In a personal email Dr. Förster did not comment on the statistical analyses because his background in statistics is insufficient to follow the analyses. However, he rejected this scenario as an account for the unusual linearity in his data; “I never changed any means.” Another problem for this account of what could have happened is that dropping cases from the middle group would lower the sample size of this group, but the sample size is always close to n = 20. Moreover, oversampling and dropping of cases would be a QRP that Dr. Förster would remember and could report. Thus, I now agree with the conclusion of the LOWI commission that the data cannot be explained by using QRPs, mainly because Dr. Förster denies having used any plausible QRPs that could have produced his results.

Some readers may be confused about this conclusion because it may appear to contradict my first blog. However, my first blog merely challenged the claim by the LOWI commission that linearity cannot be explained by QRPs. I found a plausible way in which QRPs could have produced linearity, and these new analyses still suggest that secretive and selective dropping of cases from the middle group could be used to show significant contrasts.

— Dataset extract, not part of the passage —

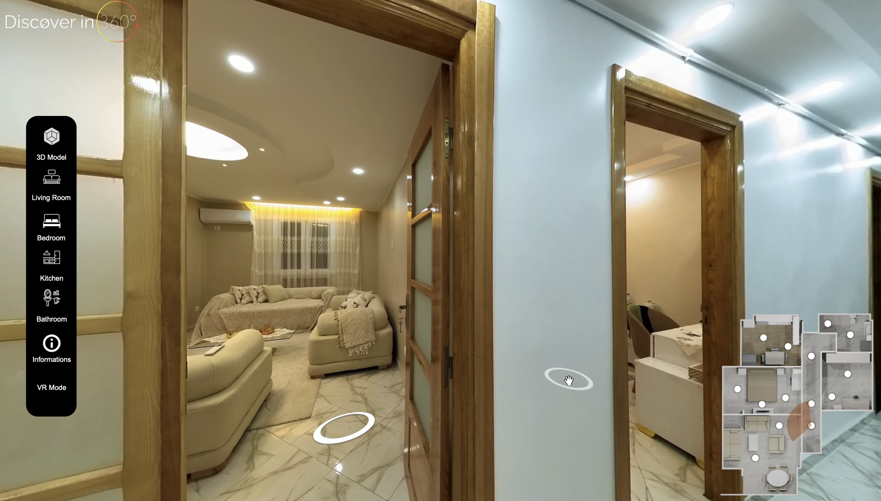 Je travaille sur 3DVista, un outil puissant qui me permet de personnaliser entièrement votre visite virtuelle selon vos attentes : intégration de menus interactifs, photos/vidéos, voix-off, hotspots, musique, branding, et bien plus encore.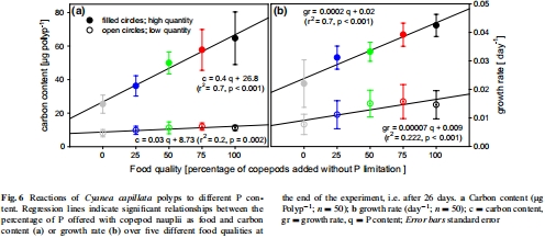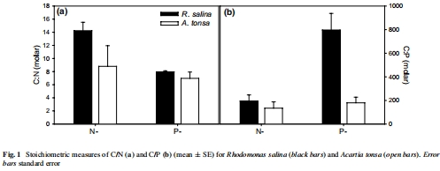 數據內容:測量了藻類和橈足類的C:N和C:P比率。P限制的藻類和橈足類具有顯著更高的C:P比。

Depending on the strength of the original evidence, this use of QRPs would be consistent with the widespread use of QRPs in the field and would not be considered scientific misconduct. As Roy F. Baumeister, a prominent social psychologist put it, “this is just how the field works.” However, unlike Roy Baumeister, who explained improbable results with the use of QRPs, Dr. Förster denies any use of QRPs that could potentially explain the improbable linearity in his results.

In conclusion, the following facts have been established with sufficient certainty:
(a) the reported results are too improbable to reflect just true effects and sampling error; they are not credible.
(b) the main problem for a researcher to obtain valid results is the low power of multiple-study articles and the difficulty of demonstrating statistical differences between one control group and two opposite experimental groups.
(c) to avoid reporting non-significant results, a researcher must drop failed studies and selectively drop cases from the middle group to move the mean of the middle group to the middle.
(d) Dr. Förster denies the use of QRPs and he denies data manipulation.
Evidently, the facts do not add up.

The new analyses suggest that there is one simple way for Dr. Förster to show that his data have some validity. The reason is that the comparison of the two experimental groups shows an R-Index of 87%. This implies that there is nothing statistically improbable about the comparison of these data. If these reported results are based on real data, a replication study is highly likely to replicate the mean difference between the two experimental groups. With n = 20 in each cell (N = 40), it would be relatively easy to conduct a preregistered and transparent replication study. However, without further credible evidence the published data lack credible scientific evidence and it would be prudent to retract all articles that show unusual statistical patterns that cannot be explained by the author.